▶ _WHAT THE TASK ASKS_: Every line from the start of the entries up to and including the one bearing "Натура Сиберика LAB" must be printed verbatim, without the pictures.

▶ _DATASET RECORDS_:
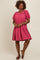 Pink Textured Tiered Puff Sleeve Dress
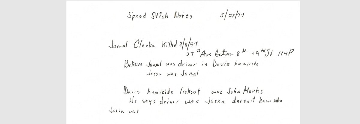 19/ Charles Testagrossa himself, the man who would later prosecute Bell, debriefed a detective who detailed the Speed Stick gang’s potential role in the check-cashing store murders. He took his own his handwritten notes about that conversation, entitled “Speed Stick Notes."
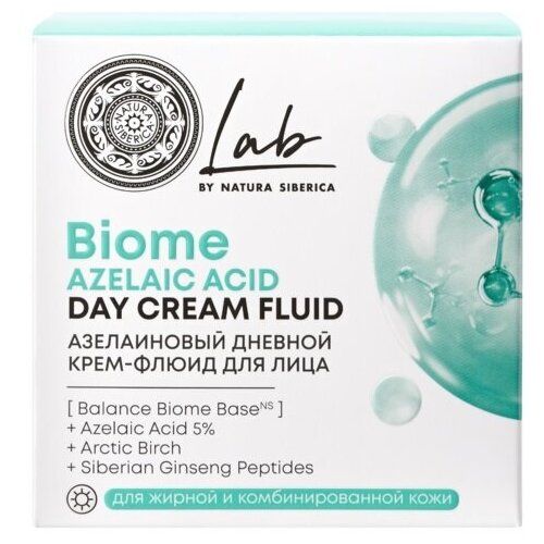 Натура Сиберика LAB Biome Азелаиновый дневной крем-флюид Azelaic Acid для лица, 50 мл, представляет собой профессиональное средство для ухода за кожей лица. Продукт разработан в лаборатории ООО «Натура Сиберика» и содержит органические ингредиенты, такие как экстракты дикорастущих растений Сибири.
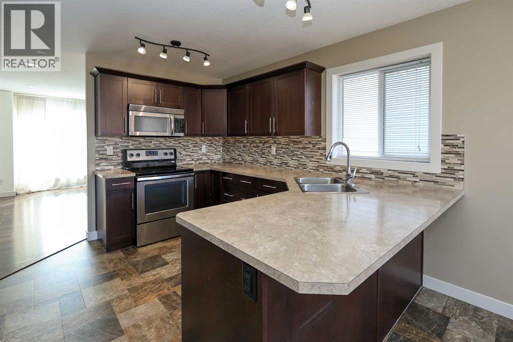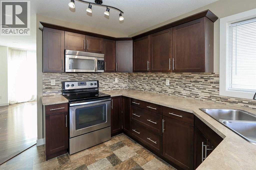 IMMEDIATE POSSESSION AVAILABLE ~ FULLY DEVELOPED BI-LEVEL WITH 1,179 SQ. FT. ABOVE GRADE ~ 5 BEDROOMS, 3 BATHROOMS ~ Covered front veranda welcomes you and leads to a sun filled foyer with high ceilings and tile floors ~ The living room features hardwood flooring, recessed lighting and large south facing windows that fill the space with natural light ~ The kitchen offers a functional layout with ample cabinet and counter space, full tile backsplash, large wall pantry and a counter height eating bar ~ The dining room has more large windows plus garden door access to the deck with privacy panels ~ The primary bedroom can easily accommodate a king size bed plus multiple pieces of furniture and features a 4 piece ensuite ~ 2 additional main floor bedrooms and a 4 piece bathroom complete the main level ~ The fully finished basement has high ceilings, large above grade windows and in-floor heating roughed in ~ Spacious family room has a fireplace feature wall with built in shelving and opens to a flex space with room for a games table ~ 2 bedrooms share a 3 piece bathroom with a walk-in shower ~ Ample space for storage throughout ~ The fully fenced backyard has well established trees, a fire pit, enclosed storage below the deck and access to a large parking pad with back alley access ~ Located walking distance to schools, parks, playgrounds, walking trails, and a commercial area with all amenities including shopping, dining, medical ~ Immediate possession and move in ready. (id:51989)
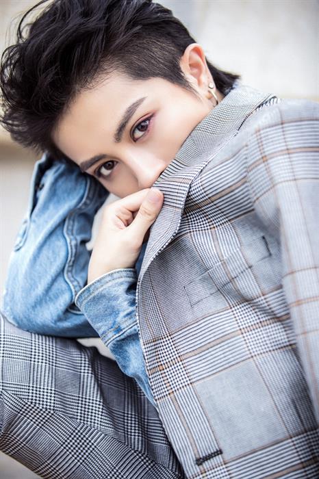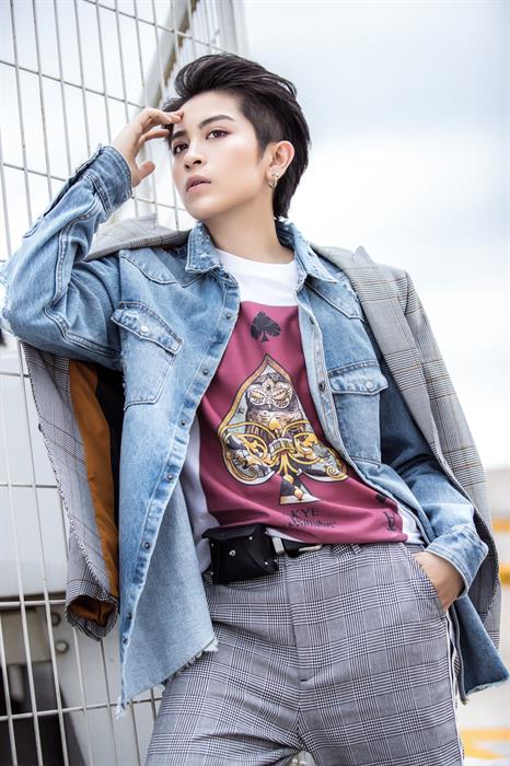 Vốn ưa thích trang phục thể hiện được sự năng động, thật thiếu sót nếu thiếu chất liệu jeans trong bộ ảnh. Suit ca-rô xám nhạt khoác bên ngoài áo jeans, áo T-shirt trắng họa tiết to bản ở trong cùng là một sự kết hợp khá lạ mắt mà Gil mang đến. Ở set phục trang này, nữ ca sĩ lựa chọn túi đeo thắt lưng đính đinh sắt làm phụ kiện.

▶ _TASK OUTPUT_:
 Pink Textured Tiered Puff Sleeve Dress
 19/ Charles Testagrossa himself, the man who would later prosecute Bell, debriefed a detective who detailed the Speed Stick gang’s potential role in the check-cashing store murders. He took his own his handwritten notes about that conversation, entitled “Speed Stick Notes."
 Натура Сиберика LAB Biome Азелаиновый дневной крем-флюид Azelaic Acid для лица, 50 мл, представляет собой профессиональное средство для ухода за кожей лица. Продукт разработан в лаборатории ООО «Натура Сиберика» и содержит органические ингредиенты, такие как экстракты дикорастущих растений Сибири.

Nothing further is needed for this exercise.